**Records drawn from a dataset**
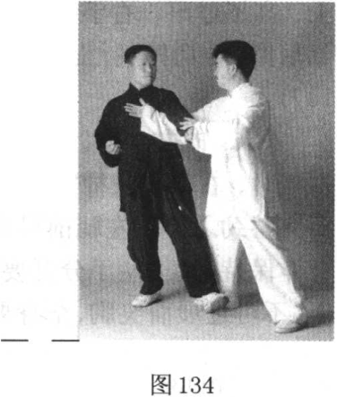 动作3:左足向前跟至右足跟左后方,足尖着地,两腿为右实 左虚,同时两手内合,目视前方(图134)。
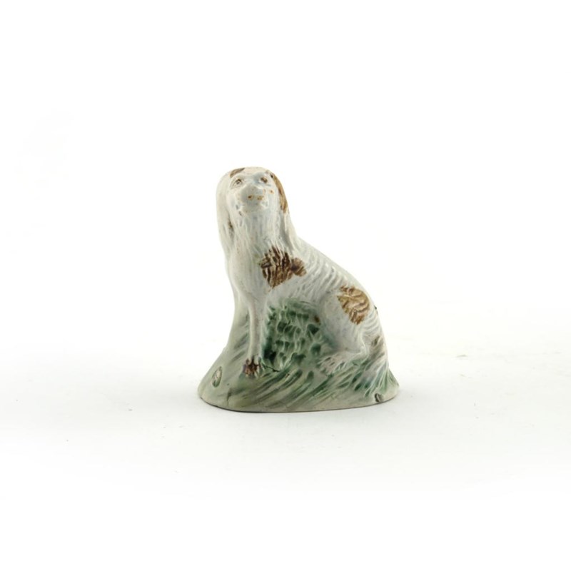 A Pratt ware model of a dog c.1800, seated on its haunches with its head turned to sinister, its coat decorated with patches of a muddy brown, raised on a grassy base, good restoration to the base, 8.2cm.
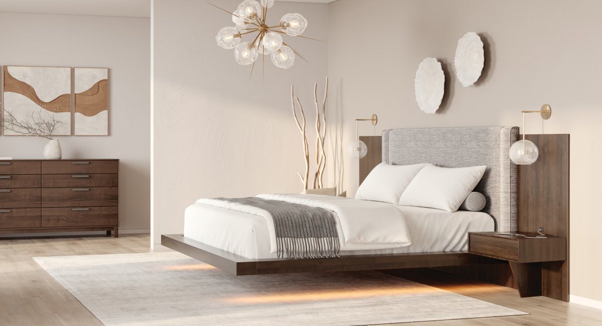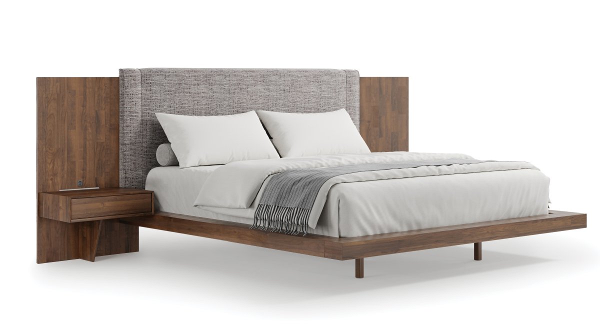 Crafted with exceptional care from solid American finger-jointed black walnut, the Savoy Bed showcases a beautiful natural finish that highlights the wood’s rich grain. To make it uniquely yours, the headboard is available in a wide selection of materials, including luxurious microsuedes, fine fabrics, Ultrasuede®, and Ultraleather®. We also welcome customers to provide their own material (COM) for a truly personalized touch.
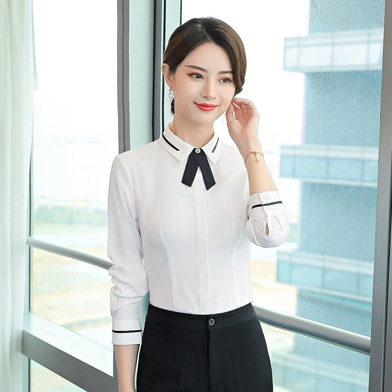 Kemeja putih lengan panjang musim gugur dan musim dingin pakaian bisnis wanita real estate hotel meja depan petugas wawancara mahasiswa pakaian overall
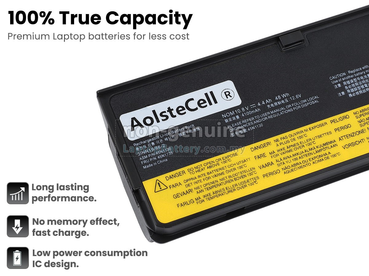 Our Website is your source of high-grade Lenovo laptop batteries! This brand new 4400mAh(6 cells) replacement Lenovo 45N1767 Li-Polymer battery is made with high-grade cells from Samsung, LG and Panasonic to ensure maximum performance. The housing of the Lenovo 45N1767 battery pack is made of non flammable and very durable plastic, which is fire-retarded and nonperishable when dropped from low heights.
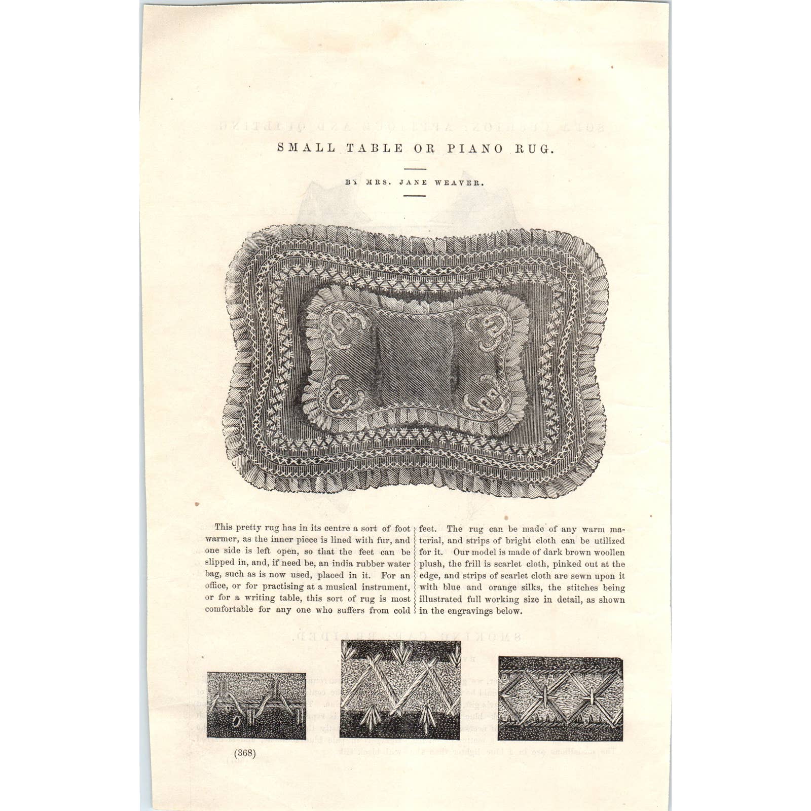 Small Table or Piano Rug - Victorian Fashion Plate - 1878 Original Plate TJ7-L2
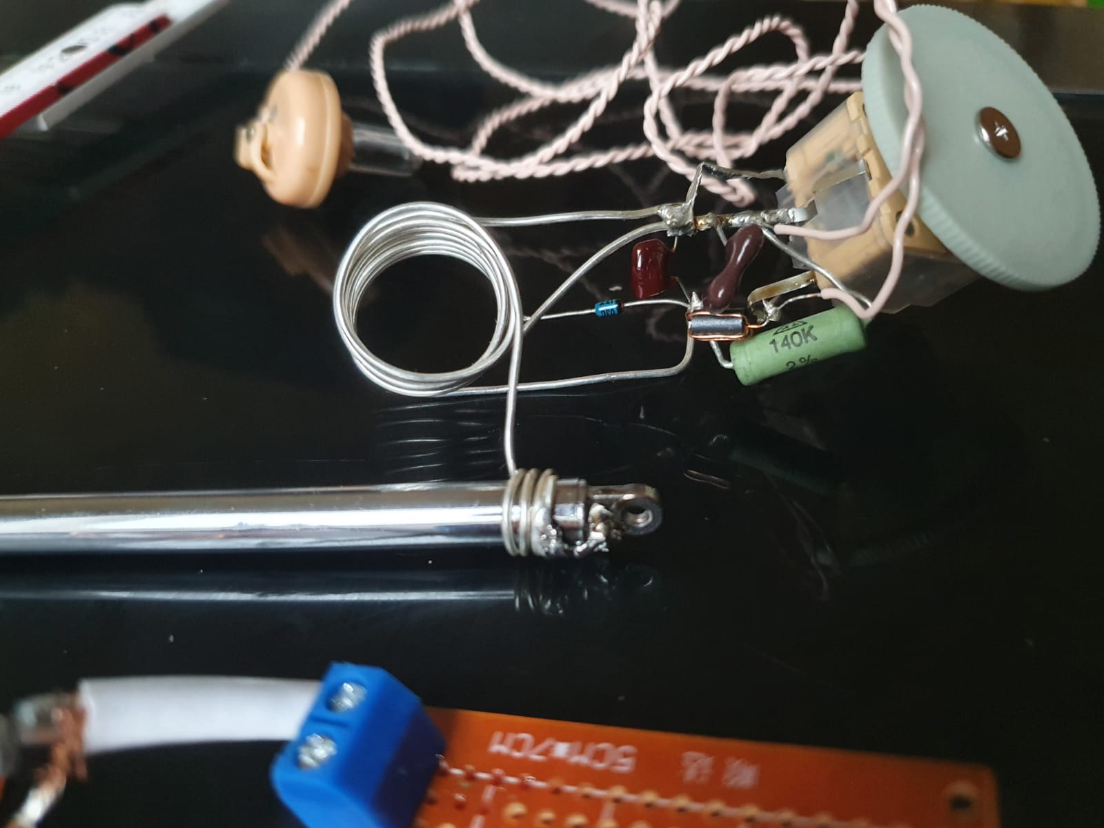 Ich hänge hier einmal ein paar Bilder von meinen Versuchen an. Der aktuelle Versuch hat: Drehko 15-35pF C1 zu COM SD103C (nicht geeignet) angezapft 1/4 Windung vor COM 90pF Glimmer Kondensator 140kOhm Widerstand VHF Choke aus einem alten Radio (Ferritkern mit 3 Wicklungen Kupfer) Kristallhörer 2cm Außendurchmesser Spule 2.25 Windungen mit Windungsabstand von 1-2mm. Diese Spule zu C1 und COM vom Drehko. Von COM zurück auf Spulenhöhe und weiter 2 Windungen, dann zur Stabantenne. Versuchsweise hatte ich eine 2. Teleskopantenne an COM und im 90 und 180° Winkel zueinander. Dann hatte ich erfahren, dass die Diode nicht geht.

**WHAT YOU ARE ASKED TO DO**
Copy out the data above to the letter, and keep every picture out of it.

**EXERCISE RESULT**
 动作3:左足向前跟至右足跟左后方,足尖着地,两腿为右实 左虚,同时两手内合,目视前方(图134)。
 A Pratt ware model of a dog c.1800, seated on its haunches with its head turned to sinister, its coat decorated with patches of a muddy brown, raised on a grassy base, good restoration to the base, 8.2cm.
 Crafted with exceptional care from solid American finger-jointed black walnut, the Savoy Bed showcases a beautiful natural finish that highlights the wood’s rich grain. To make it uniquely yours, the headboard is available in a wide selection of materials, including luxurious microsuedes, fine fabrics, Ultrasuede®, and Ultraleather®. We also welcome customers to provide their own material (COM) for a truly personalized touch.
 Kemeja putih lengan panjang musim gugur dan musim dingin pakaian bisnis wanita real estate hotel meja depan petugas wawancara mahasiswa pakaian overall
 Our Website is your source of high-grade Lenovo laptop batteries! This brand new 4400mAh(6 cells) replacement Lenovo 45N1767 Li-Polymer battery is made with high-grade cells from Samsung, LG and Panasonic to ensure maximum performance. The housing of the Lenovo 45N1767 battery pack is made of non flammable and very durable plastic, which is fire-retarded and nonperishable when dropped from low heights.
 Small Table or Piano Rug - Victorian Fashion Plate - 1878 Original Plate TJ7-L2
 Ich hänge hier einmal ein paar Bilder von meinen Versuchen an. Der aktuelle Versuch hat: Drehko 15-35pF C1 zu COM SD103C (nicht geeignet) angezapft 1/4 Windung vor COM 90pF Glimmer Kondensator 140kOhm Widerstand VHF Choke aus einem alten Radio (Ferritkern mit 3 Wicklungen Kupfer) Kristallhörer 2cm Außendurchmesser Spule 2.25 Windungen mit Windungsabstand von 1-2mm. Diese Spule zu C1 und COM vom Drehko. Von COM zurück auf Spulenhöhe und weiter 2 Windungen, dann zur Stabantenne. Versuchsweise hatte ich eine 2. Teleskopantenne an COM und im 90 und 180° Winkel zueinander. Dann hatte ich erfahren, dass die Diode nicht geht.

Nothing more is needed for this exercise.